Relevant pathological findings are summarized in [Table 2], [Table 3], [Table 4], and [Table 5]. Of the total 148 cases, a significant number of cases belonged to the luminal A and B molecular groups (n = 129) with the maximum being luminal B tumors (n = 90). Lymph node metastasis was seen in only 53 (35%) cases, lymphovascular emboli in 101 cases (68%), and high Ki 67 index in 102 (68%) cases. Fluorescence in situ hybridization (FISH) was done for 13 cases with Her2 neu equivocal IHC findings of which 6 cases were Her2 neu positive and 7 cases negative. The total number of Her2 neu positive cases (by both IHC and FISH) was 26 (8 cases in Her 2neu positive group and 18 in Luminal B group).
Table 2: The relationship between clinicopathological features and molecular subtypes of breast carcinoma

Click here to view
Table 3: The relationship between histopathological features and tumor budding

Click here to view
Table 4: The relationship between histopathological features, tumor budding, Ki 67 index, and molecular subgroups (n=148) (TNBC and Her 2 positive groups versus Luminal A and B)

Click here to view
Table 5: The relationship between histopathological features, tumor budding, Ki 67 index for luminal A versus B groups (n=129)

Click here to view

A statistically significant association was seen for tumor size, tumor grade, high stromal lymphoplasmacytic infiltrate, necrosis, tumor margins, tumor stroma, nuclear grade, Ki 67 index, TB, and PDCs (Intra and peritumoral) with the molecular subtypes of breast carcinoma.
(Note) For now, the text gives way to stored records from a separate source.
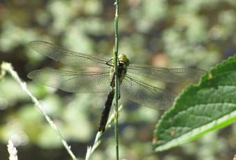 Ci-dessous cette libellule est certainement une aeschne, famille regroupant les plus grosses libellules. Ces insectes sont verts, bleus ou brun foncé, avec des rayures sur le thorax et des taches ou des bandes sur l’abdomen. Les très gros yeux se rejoignent au sommet de la tête. Les quatre ailes sont transparentes ou ambrées. L’extrémité abdominale porte deux appendices en pince et chez le mâle un troisième appendice plus petit entre les deux. Leur taille varie entre 60 et 140mm.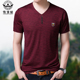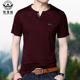 男T恤夏装中年男士短袖V领商务半截袖无领冰丝针织衫简约丅血宽松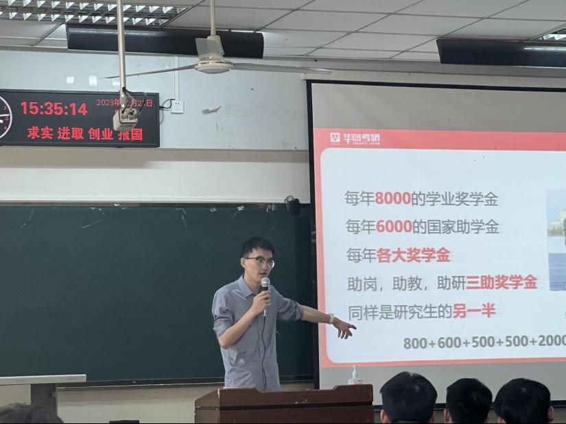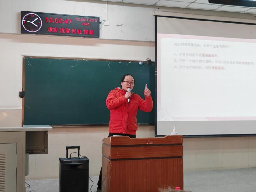 随后,华图教育机构的郭锦圆老师进行考研动员。他结合当前考研形势与政策,就考研的重要性、考研的内容和方向等向同学们作了详细的介绍。郭老师从实际出发,梳理历年考研的录取情况,带领大家了解考研的基本动态,为同学们的院校和专业选择等具体事项提供了专业分析,勉励同学们积极备考,明确自身发展方向,立足个人能力与考研形势进行理性分析与选择。最后,陈儒雅老师讲解了教团队格证面试考情考务、答题技巧,鼓励同学们考教资,拓宽就业面,在多个证件的同时体验面试,提高自己的专业素养。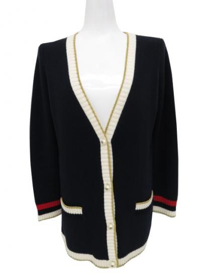 GUCCI カーディガン パールボタンにGGマーク入り ネイビー×ホワイト×レッド XS A1【中古】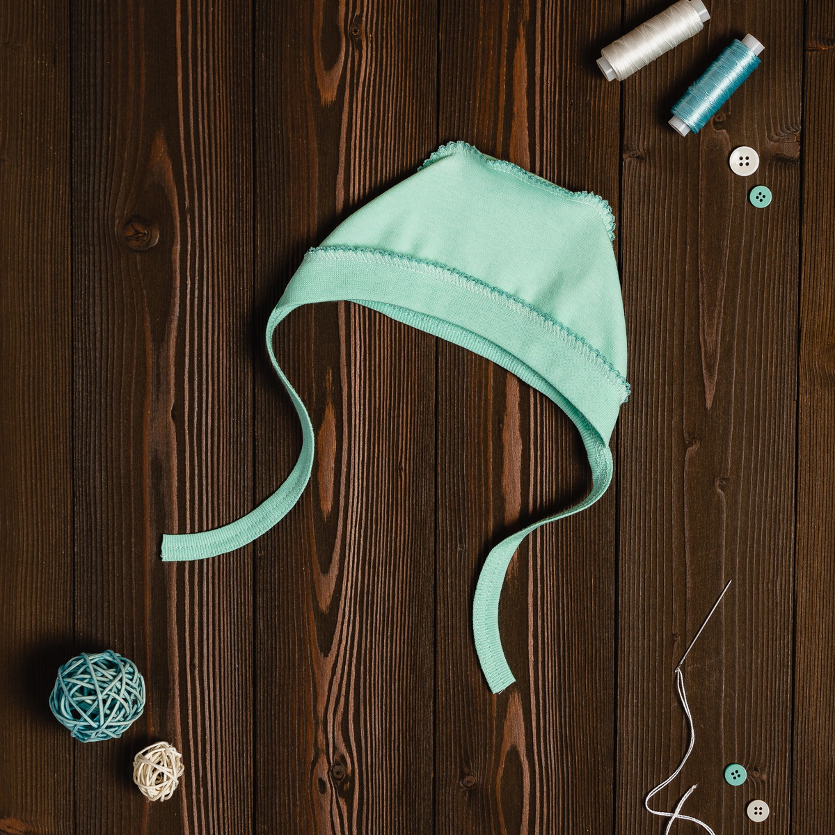 Чепчик выполнен из натуральной дышащей ткани. Модель с удобными завязочками, которые не будут натирать нежную кожу малыша. Швы наружу не придают дискомфорта. Ткань хорошо пропускает воздух благодаря натуральному составу.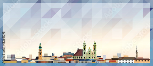 Linz skyline vector colorful poster on beautiful triangular texture background

Age, skin infiltration, lymph node metastasis, number of metastatic nodes per case, lymphovascular emboli, and perineural invasion had no significant association with the molecular subgroups [Table 2].

Tumors with smaller sizes ≤2 cm and 2–5 cm were predominantly seen in luminal A and B groups and tumor size >5 cm in Her 2 neu positive and TNBC groups. Tumor grade two, low nuclear grade, and low Ki 67 index were predominantly seen in luminal A tumors and high nuclear grade, high Ki 67 index, and tumor grade three mainly in luminal B, Her 2 neu positive, and TNBC tumors. Low stromal lymphoplasmacytic infiltrate, ill-defined tumor margins, abundant sclerosed/desmoplastic stroma were predominantly seen in luminal A and B tumors, whereas circumscribed margins and scanty stroma in Her 2 neu positive and TNBC tumors. Necrosis was seen in TNBC tumors compared to the other groups. TB had a statistically significant association with the molecular subgroups with grade three TB mainly seen in luminal A and B tumors and grade one TB in Her 2 neu positive and TNBC tumors. Peritumoral and intratumoral PDCs (grade three) were predominantly seen in luminal A and B tumors and grade one PDCs mainly in Her 2 neu positive and TNBC tumors.

On logistic regression analysis between tumor budding and histomorphological features, [Table 3] it was shown that ITB and PTB had a significant association (odds ratio > one) with lymph node metastasis, lymphovascular emboli, ER hormonal status (mainly luminal groups A and B), and PDCs (intra- and peritumoral) on univariate analysis. The number of metastatic nodes per case (N1), had a significant association with high TB (grades two and three). On multivariate analysis, the association between TB, PDCs, and lymphovascular emboli was independent of all the other confounding variables. The high amount of stromal lymphoplasmacytic infiltrate, well-circumscribed tumor borders, absence of perineural invasion, and less amount of fibrotic stroma had a low odds ratio (protective effect) with high-grade TB, which was also statistically significant. In tumors with these morphological features, TB grade was seen to be predominantly low. There was no statistically significant association between TB and Ki 67 index.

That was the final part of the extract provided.